On distingue deux volets d'immunité :
L'irresponsabilité, qui exclut toute poursuite judiciaire à l'encontre de parlementaires pour des actes liés à l'exercice de leur mandat («interventions et votes, propositions de loi, amendements, rapports ou avis, questions, actes accomplis dans le cadre d'une mission confiée par les instances parlementaires», liste l'Assemblée nationale). Elle a, toujours selon le site de l'Assemblée, «un caractère absolu, car aucune procédure ne permet de la lever. […] Elle est perpétuelle et s'oppose aux poursuites motivées par les actes accomplis durant le mandat, même après la fin de celui-ci».
L'inviolabilité, elle, est le volet de l'immunité qui vise à protéger le parlementaire de certaines actions pénales visant des actes accomplis lorsqu'il ou elle était un citoyen ordinaire.
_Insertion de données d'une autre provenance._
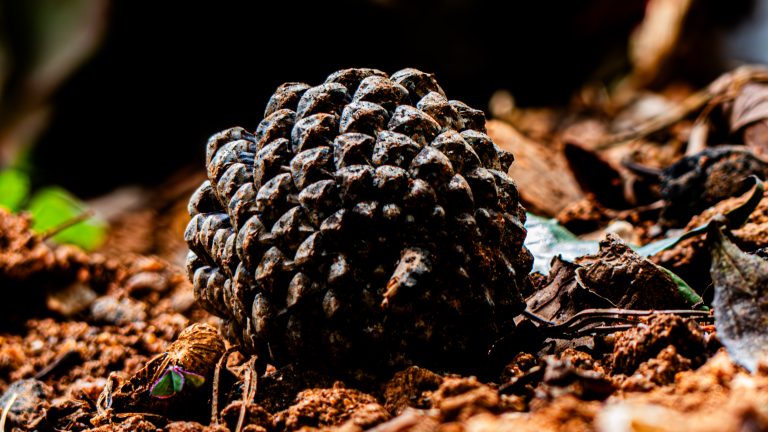 Alternative Text: A close-up of a dark brown pine cone on reddish-brown soil, showing its detailed textured scales.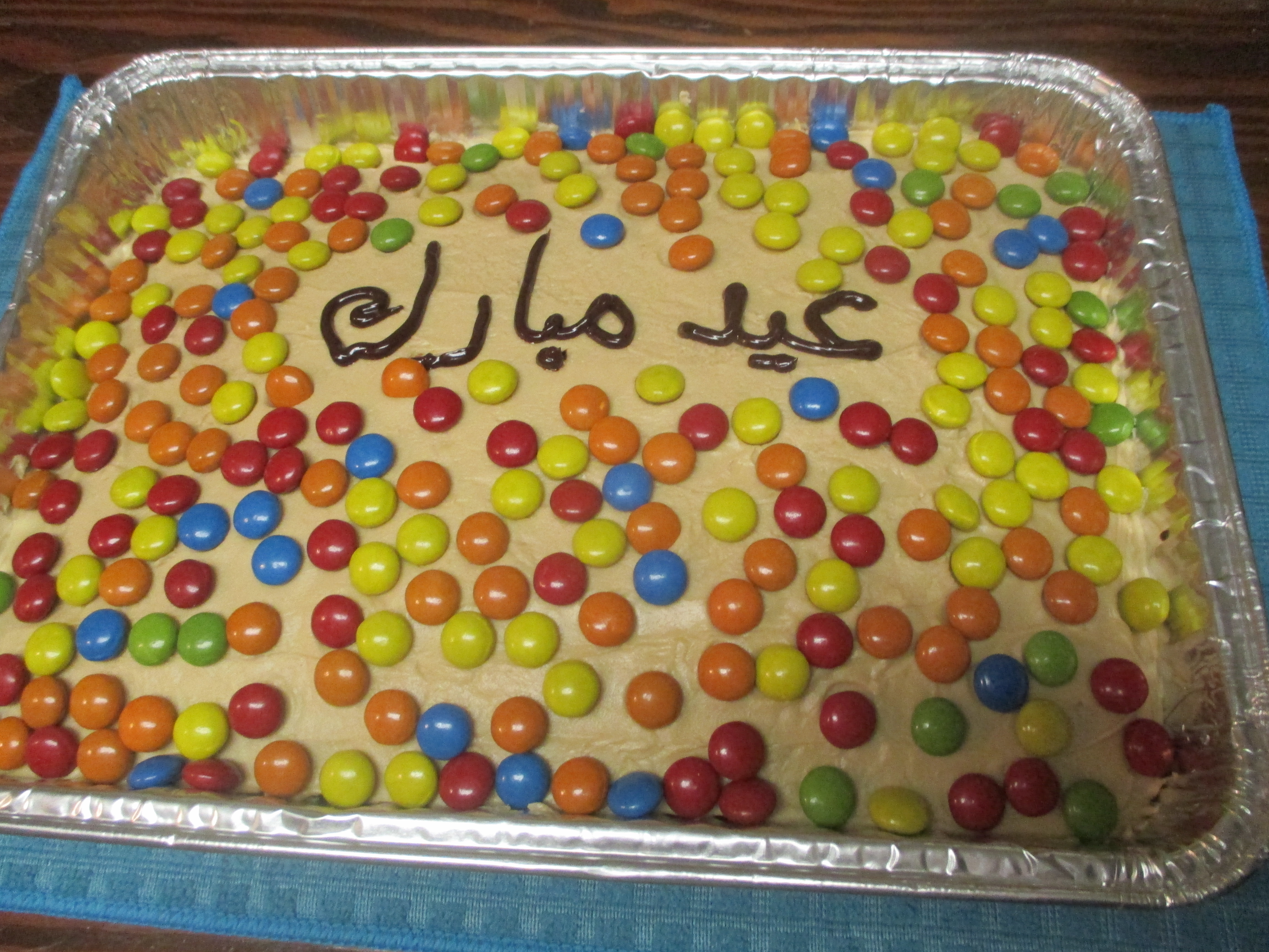 To my friends and those celebrating Eid Al-Fitr as Ramadan 2021 ends beginning at sunset tonight in Seattle, May 12th, I wish you all a Blessed Eid. Today I made this Crazy Cake with Penuche frosting, a sprinkle of Sprouts’ Chocolate Gems and used my Arabic writing skills for the wish: Eid Mubarak. The cake is for a Muslim family celebration.

Ce régime d'immunité protège le parlementaire contre toute mesure coercitive privative ou restrictive de liberté (arrestation, contrôle judiciaire, garde à vue) mais le laisse vulnérable à l'engagement de poursuites (via une mise en examen) depuis la réforme du 4 août 1995. «Contrairement à l'irresponsabilité, note l'Assemblée, l'inviolabilité a une portée réduite à la durée du mandat.»
En l'occurrence, François Fillon peut donc être mis en examen, mais l'inviolabilité le protège pour l'instant d'une éventuelle garde à vue. Gare aux rumeurs, donc.
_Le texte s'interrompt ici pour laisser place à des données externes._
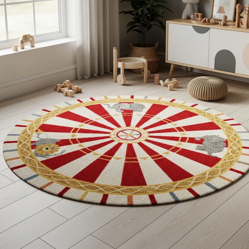 - Rugs featuring playful illustrations of circus animals like elephants or lions.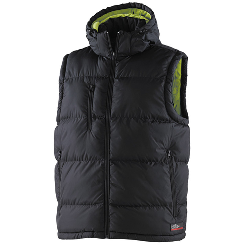 Ovaj prsluk je napravljen od vodootpornog materijala i ima kapuljaču koja se može skinuti. Ima 3 spoljna džepa sa zatvaranjem na rajsferšlus i zelenom postavom unutar džepa.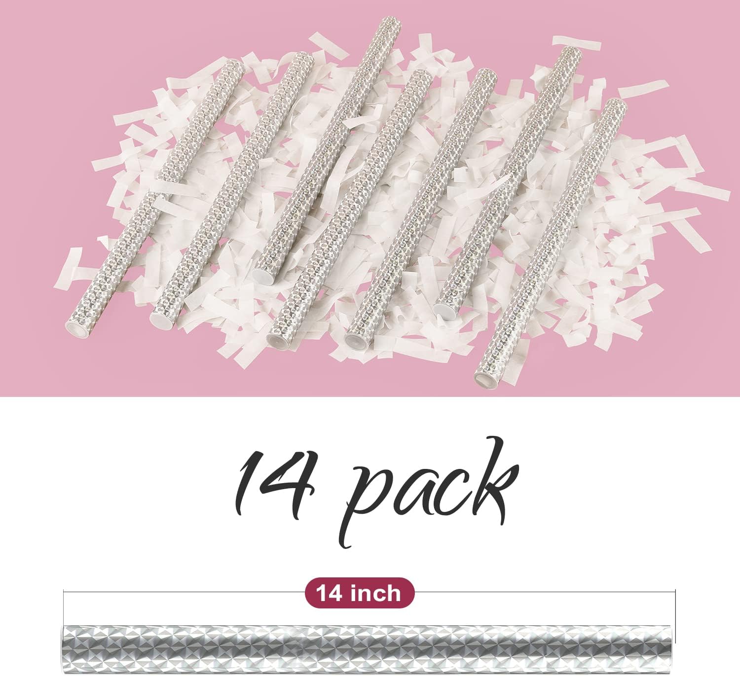 BATTIFE 14Pack White Confetti Wands Tissue Paper Confetti Flick Flutter Sticks for Wedding Celebrations Anniversary Birthday Party White, 14 Inch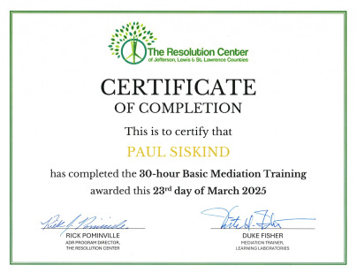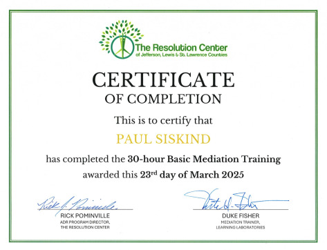 I am certified as a Mediator for the Resolution Center of Jefferson, Lewis, and St. Lawrence Counties, through whom I provide Alternative Dispute Resolution for the NY State Unified Court System. My mediation work includes child custody/visitation, landlord-tenant disputes, small claims, and community cases.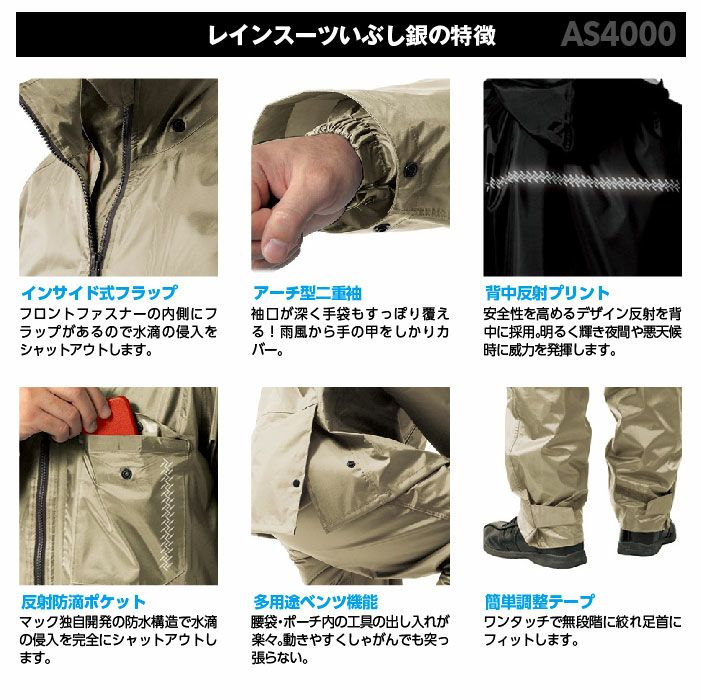 他の画像を見る 上下セット。耐久防水|考えぬかれた機能を体験 マック レインスーツ 上下セット いぶし銀 AS-4000 合羽 防水 防風 反射機能 作業用 作業着 レインウェア ジャケット パンツ アウトドア レジャー Makku 本体価格 ¥ 3,289 税込 在庫切れ カートに入れる お気に入りに登録する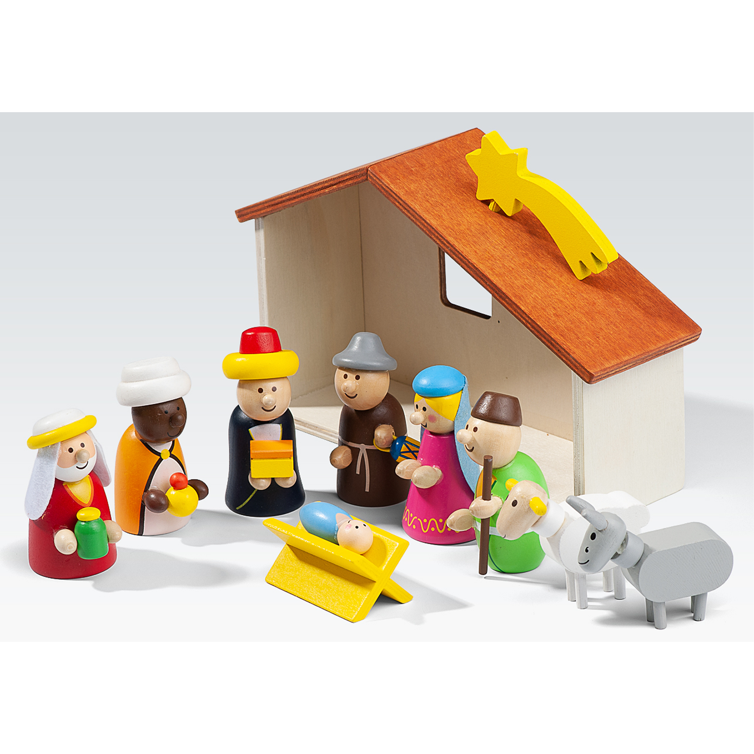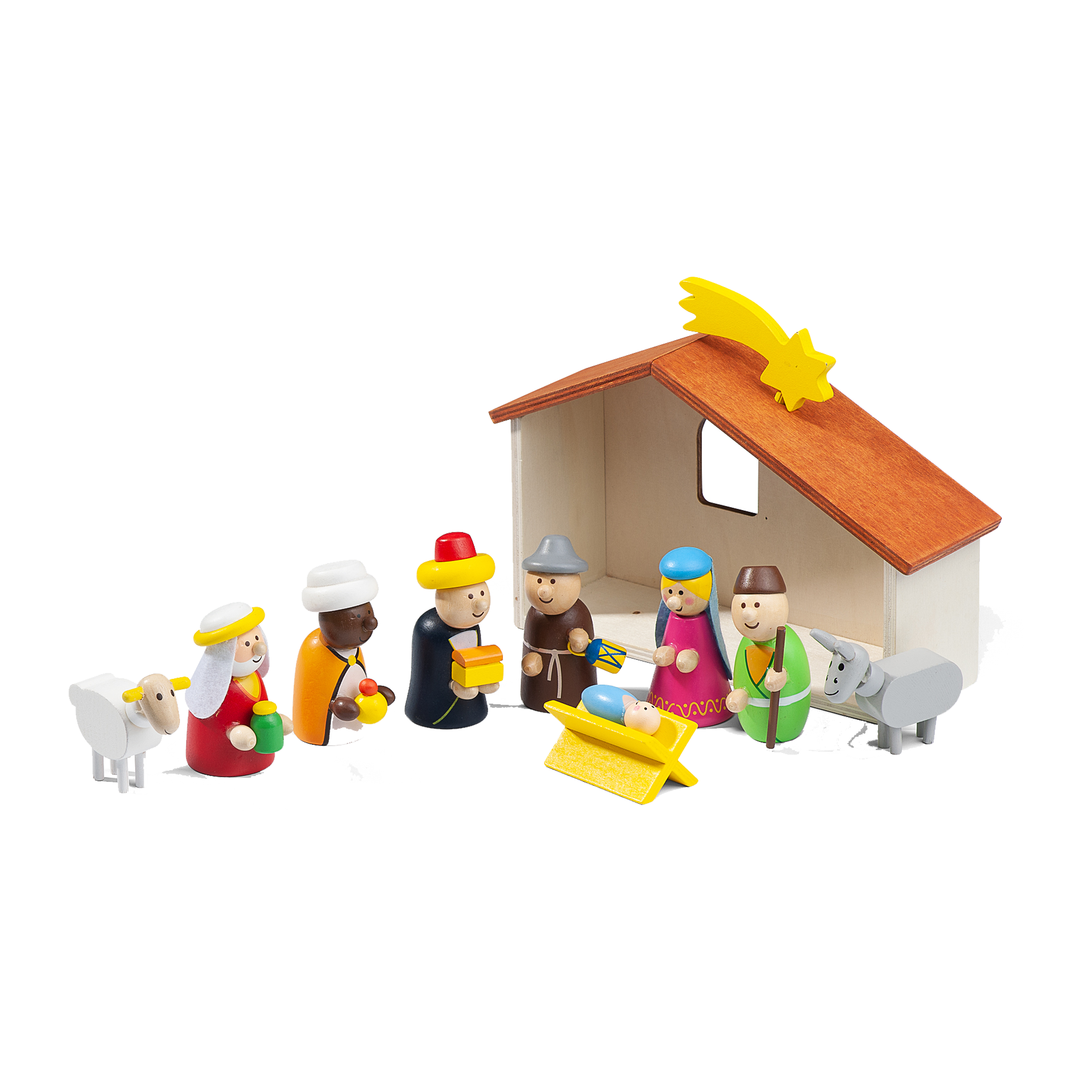 Dřevěný betlém vhodný jako vánoční dekorace nebo jako hračka pro děti.
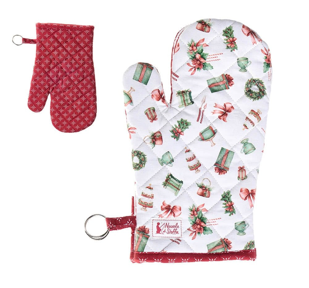 Guantone con bellissimi disegni natalizi, retro di color rosso con disegni geometrici bianchi

Que faudrait-il pour qu'elle soit levée ?
C'est le second volet, celui de l'inviolabilité, qui peut en fait être levé, après requête des autorités judiciaires en ce sens. La demande doit être formulée par le procureur général près la cour d'appel compétente, et transmise au ministère de la Justice, qui la communique au président de l'assemblée concernée. L'Assemblée nationale, en l'occurrence, a ensuite le pouvoir d'«autoriser, le cas échéant, l'arrestation d'un parlementaire ou la mise en œuvre, à son encontre, de mesures privatives ou restrictives de liberté».